Introduction and Background
Amino Acid Statistics
Histogram

Links to topics in the general instructions:

Introduction and Background

DB-Stat calculates the following statistics for a given database (for DNA databases a reading frame must also be selected):

the total number of entries in the database;
the number of entries within the selected molecular weight range;
the number of entries within the selected pI range;
the number of entries for the selected species;
the number of entries fitting the combined molecular weight, species and pI parameters.

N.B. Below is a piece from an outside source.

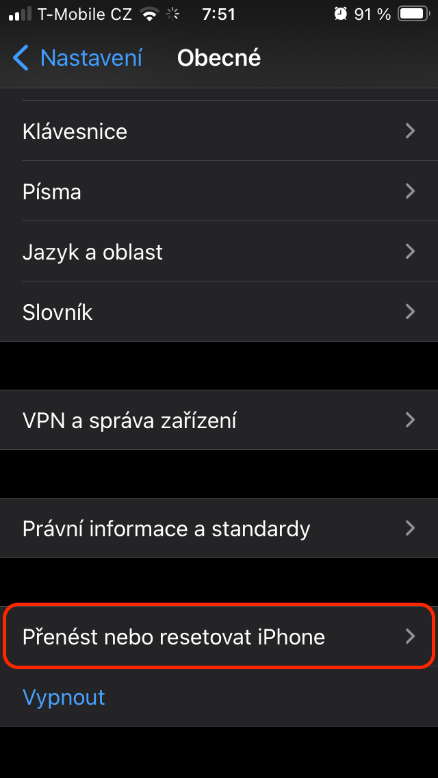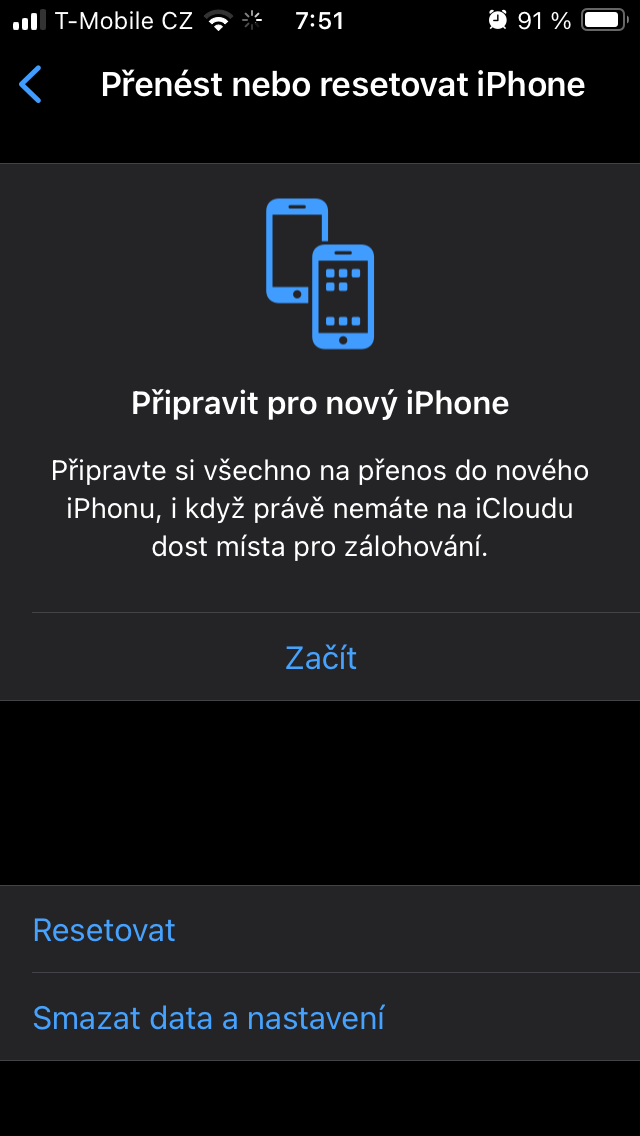 Pokud z nějakého důvodu nastane situace, kdy se Rychlý přenos přeruší nebo dojde k jakýmkoli obtížím, pak je léčbou pro nový iPhone opětovné uvedení do továrního nastavení, po němž můžete postup s klidem zopakovat. Spolu s úspěšným dokončením přenosu budete systémem dotázáni, jak chcete naložit se starým iPhonem, tedy chcete-li v něm ponechat vše ve stávající podobě nebo jej resetovat a telefon tak připravit k případnému odprodání či postoupení někomu z rodiny a podobně. Tuto možnost najdete také v Nastavení, dále Obecné, kde je předposlední položkou v seznamu Přenést nebo resetovat iPhone. Zde získáte přístup ke Smazat data a nastavení, resetování i ručnímu spuštění přenosu do nového iPhonu.

For the given digest, molecular weight, species and pI parameters:

the index number of the longest protein;
the number of amino acids in the longest protein;
the mass of the longest protein;
the index number of the protein with the most digest fragments;
the number of digest fragments for the protein with the most digest fragments;
the total number of digest fragments;
the average protein mass.

Amino Acid Statistics

If you select this option you also get a table reporting the number of each amino acid for the current search.

Histogram

A histogram is displayed showing the mass distribution of theoretical peptides. This can be useful in ascertaining the likely mass distribution of peptides from a particular digestion strategy. The histogram mass range may also be entered.

If the histogram is made up from less than 300000 data points a high resolution density plot is also drawn using the R statistics package. The bandwidth for the density plot can be entered which means for example that the distribution of peptide masses within a small mass window can be displayed. The bandwidth (in Da) corresponds to the bw parameter in the R density plot function. It determines how much the data is smoothed. A smaller bandwidth will result in a more detailed (and often noisier) density estimate, while a larger bandwidth will yield a smoother estimate but may obscure important features of the data.